With most others- his family, neighbors, and especially his victims- the criminal has a relationship of very high power and status. He is treated deferentially, and punishes those who do not defer. People are afraid of him, and he likes that, he revels in it. To him, the life a law-abiding citizen is a joke. A man who follows the law, unless he is extremely rich or powerful will not get anything like the fear and respect he does. Henry Hill, at the end of his autobiography, “Wiseguy” relates that one of the worst things about losing his Mafia status was having to stand in line– “like a schmuck”.
The murders were not the first time Harris had killed. In another incident years earlier, he beat and tortured a man to death, and was convicted of manslaughter. Harris loved the power that killing gave him, he was intoxicated by it. He loved the attention that being a notorious murderer gave him, and all the fawning people it brought to the visiting room. Harris had power and loved power, the power of life and death, the power of God himself. Harris was not the least of these, he was a man after Satan’s own heart, a man who partook in the greatest evil there is.
The life of a violent criminal can be divided into three stages- early childhood, when he is helpless, the period of his criminal manhood- which could start at 10 or earlier- and the time when he is permanently incarcerated.
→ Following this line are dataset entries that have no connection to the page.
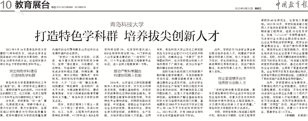 9月22日,《中国教育报》第10版头条以《万象城allwincity官网:打造特色学科群 培养拔尖创新人才》为题,围绕“突出特色学科建设,打造特色学科群”“推动产教科教融合,构建协同育人机制”“校企紧密携手合作,培养拔尖创新人才”三个方面,报道了学校特色学科建设、拔尖创新人才培养相关工作。以下是报纸截图和全文链接:
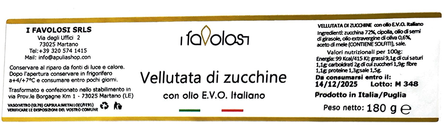 La Vellutata di Zucchine della linea “I Favolosi” è un tributo alla semplicità e all’eleganza dei sapori che la Puglia sa offrire.
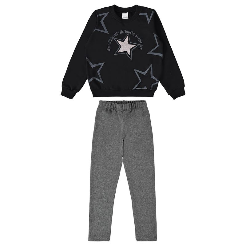 Conjunto Feminino Infantil Malwee 116716 Material: MOLETOM FLANELADO E MOLETOM FLANELADO STRETCH Manga: MANGA LONGA COM PUNHO Barra: BARRA TRADICIONAL Abertura: FECHADA Estampa + Glitter
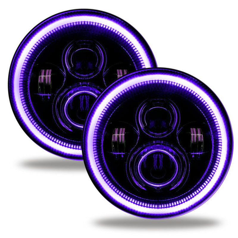 Complete Package for adding High-Performance 7" LED Headlights to your Wrangler JL/Gladiator JT without any fabrication or cutting your factory wiring. This complete Plug-&-Play kit also features Vertical and Horizontal headlight adjustment so you can put the light on the road (where you need it) and not blind oncoming traffic. The Ultimate 7" LED replacement headlight option for the Wrangler JL/Gladiator JT. This rugged solid-state LED design is perfect for the Jeep owner looking for high-quality lighting for better night time visibility without overpaying. Installation is very easy with the included JL/JT-specific “Plug and Play” connectors. You can even choose optional colored Halos for even more customization! Note: DRL wire cannot be used as a power source - Tapping into Park Lights will give manual control over LED accessory during daytime driving - LED accessory will turn on automatically in night mode when switch is set to AUTO - For full automatic control over the LED accessory use fuse F52 in the engine compartment fuse panel. The new ORACLE Lighting Dynamic ColorSHIFT Halos feature individually addressable LEDs which pack a ton of unique features.. The Dynamic features allow the user to run multiple moving color patterns through the LEDs, creating a vivid eye-catching lighting effect.Through the App you can easily make standard white colors as well as any static colors using the LED color wheel. What makes these DYNAMIC halos more unique is that you can also display a variety of moving patterns within the app. With over 200 different patterns there is something to fit every color scheme you can imagine!
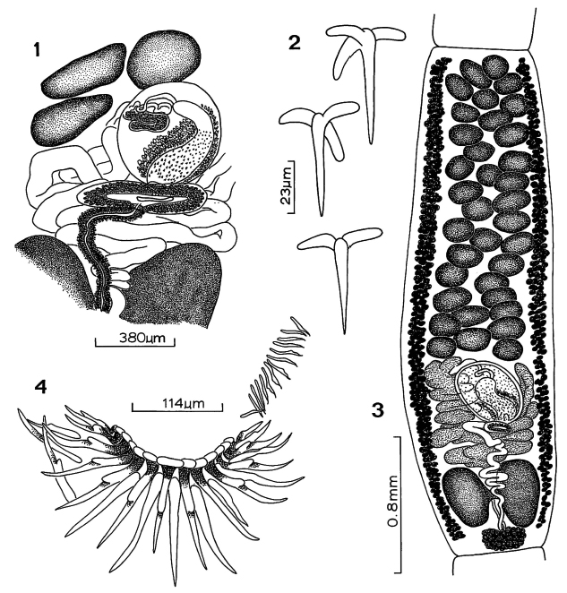 Figures 1-4. Echinobothrium euzeti sp. n. 1. Detail of reproductive terminalia. 2. Spines from anterior and posterior regions of cephalic peduncle. 3. Mature segment. 4. Rostellar armature.
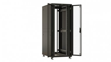 Hyperline TTBR-4281-DD-RAL9004 Шкаф напольный 19-дюймовый, 42U, 2055x800х1000 мм (ВхШхГ), передняя и задняя распашные перфорированные двери (75%), ручка с замком, 2 вертикальных кабельных организатора, цвет черный (RAL 9004 (разобранный)
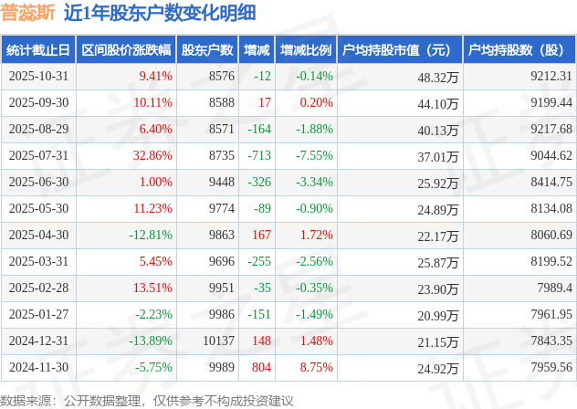 从股价来看,2025年9月30日至2025年10月31日,普蕊斯区间涨幅为9.41%,在此期间股东户数减少12.0户,减幅为0.14%。
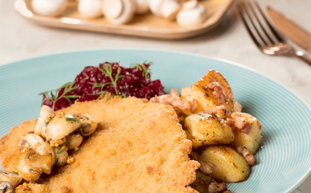 Klasyczne dania na talerzu, które zasmakują każdemu! Tradycyjny, ręcznie robiony kotlet schabowy podany z ziemniaczkami podsmażonymi z boczkiem i buraczkami.
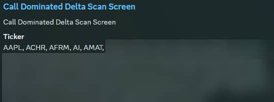 CallDomDel: This scan returns stocks that are call-dominated above and below spot price, which are a signature of bullish structures. This is an ideal 'pond to fish in' if you are looking for names to get long (or names you should avoid shorting if bearish).
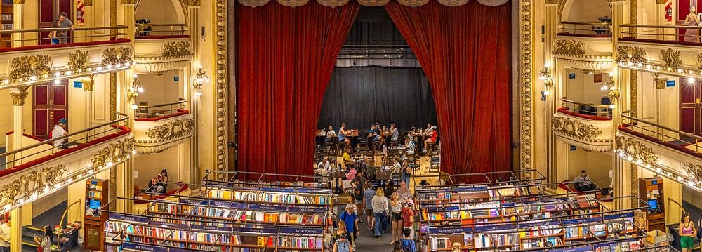 El Ateneo Grand Splendid in Buenos Aires ist eine der beeindruckendsten Buchhandlungen der Welt. Ursprünglich wurde das Gebäude 1919 als prachtvolles Theater eröffnet, später in ein Kino umgewandelt und schließlich im Jahr 2000 zur Buchhandlung umgestaltet. Die ursprüngliche Theaterarchitektur wurde weitgehend erhalten, wodurch der Ort eine einzigartige und fast magische Atmosphäre ausstrahlt. Die Bühne, die früher für Aufführungen genutzt wurde, dient heute als gemütlicher Lesebereich mit bequemen Sesseln.
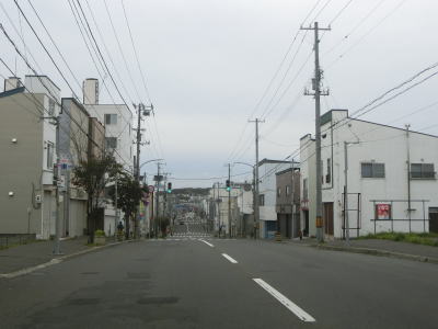 | 増毛町の市街地の西部を走っていると左にカーブして北海道r546交差点を通過する。その後は緩やかな勾配を上り、見晴台駐車場の出入口を通過する。駐車場は国道より高い位置にあり見晴らしも良いようだが、トイレも東屋もないただの駐車場である。 | ||
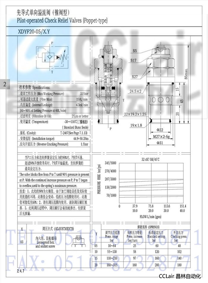 XDYF20-05,先導(dǎo)式單向溢流閥
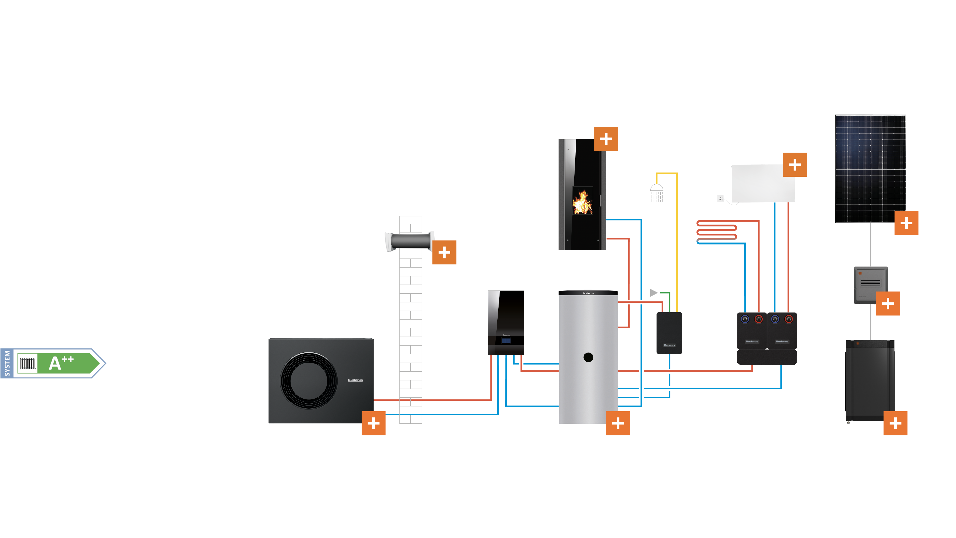 Der von dem Photovoltaik-System erzeugte Strom versorgt das Wärmepumpen-System und die Elektrogeräte im Haus. Durch die Ergänzung eines Batteriespeichersystems erhöht sich der Eigenverbrauchsanteil und der selbst erzeugte Strom steht auch unabhängig von der Sonneneinstrahlung zur Verfügung. Die Inbetriebnahme des Photovoltaik-Systems und die Integration in das Wärmepumpen-System gehen dank der intuitiv bedienbaren Buderus App MyEnergyMaster leicht von der Hand.
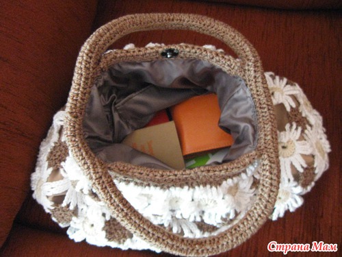 Сумку вязала из остатков, когда её увидела, прям захотела, спать не могла, связала быстро, но вот с подкладом намучилась, почти месяц мастерила. Какой подклад по журналу мне не понравился, и я сама уже мудрила с подкладом.
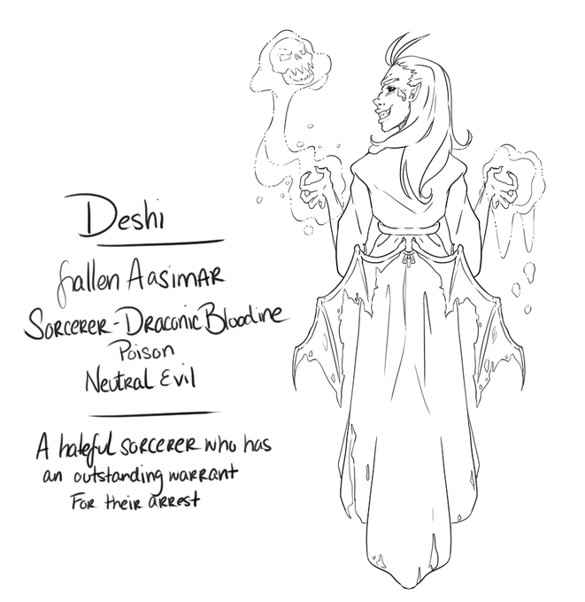 Meet Deshi (they/them) .. .. .. .. #dnd #dungeonsanddragons #Aasimar #fallenangel #sorcerer #inktober #inktober2021
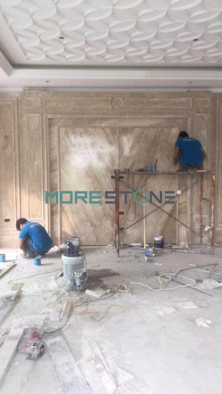 Đá ốp tường phòng khách với vân đối hoàn hảo tôn thêm nét nghệ thuật của không gian tân cổ điển, được Morestone thi công, hoàn thiện theo yêu cầu của từng gia chủ.
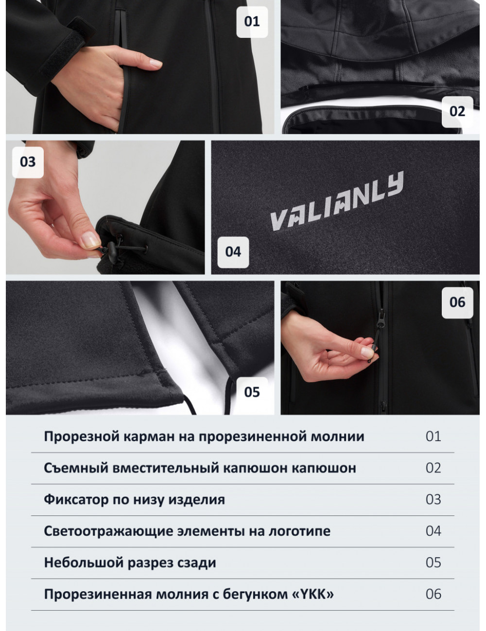 - Хлястик на капюшоне добавляет стиль и функциональность.
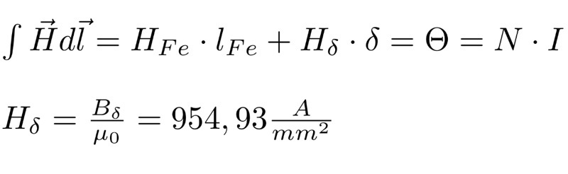 \oint \! \vec{H} \, \dd \vec{l} = H_{Fe} \cdot l_{Fe} + H_\delta \cdot
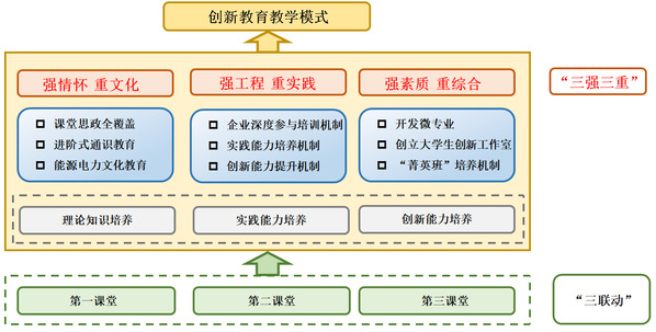 聚焦第一课堂育人主渠道、打造素质教育第二课堂、构筑企业第三课堂,通过“三联动”实现“三强三重”。“三强三重”即“强情怀、重文化”,实施课程思政与进阶式通识课程改革,增强学生的行业情怀和文化素养;“强工程、重实践”,建立发电企业深度参与实践教学机制,以科创、实践课程和实习实践为抓手,强化学生工程实践能力培养,实施人才培养大学毕业证和职业资格证的“双证融通”;“强素质、重综合”,推行线上微专业、开设交叉融合课程、试点电力菁英计划等,培养学生的综合素养。
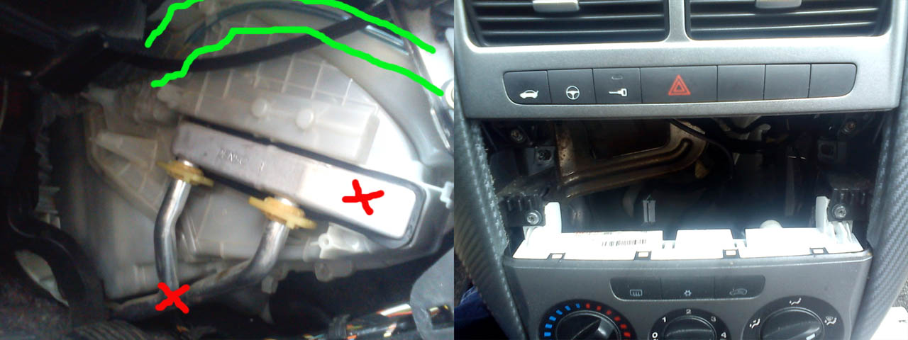 Trochę gimnastyki, podrapane ręce, ale wężyk wyłazi we wnętrzu deski rozdzielczej. Dostęp jako-tako jest.
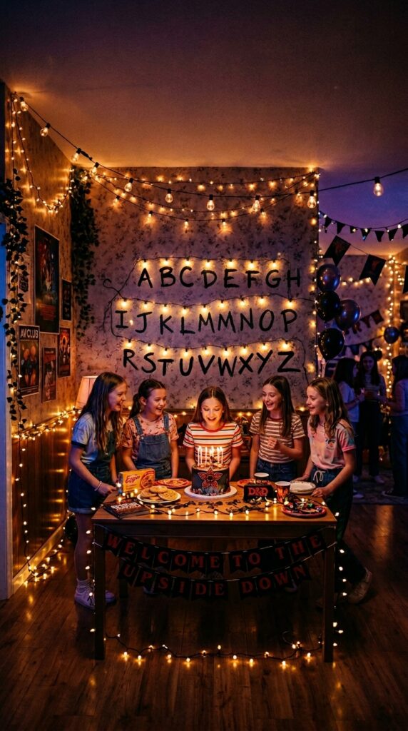 A Stranger Things party suits tweens and teens best! You’ll capture that tween nostalgia perfectly with its retro vibes. It’s ideal for ages 10–16, though you can adapt it for any age group who loves the show.

During the first and last periods, he is under the control of others and his agency is limited. Progressives look at these periods, and ignore the middle. During this period he is no victim. He gains power over others, uses it and enjoys it. He denies the value and humanity of others and makes himself his own god. Such men are not lacking in moral sense. They have a finely developed moral sense, only of the evil kind.
To deny the reality of criminal behavior and culpability is in some way more evil than the thing itself. We create the Hobbesian state- “he who wields the sword” as Paul puts it- to deal with such people. To undermine this process in the name of God is deny a basic right of humanity.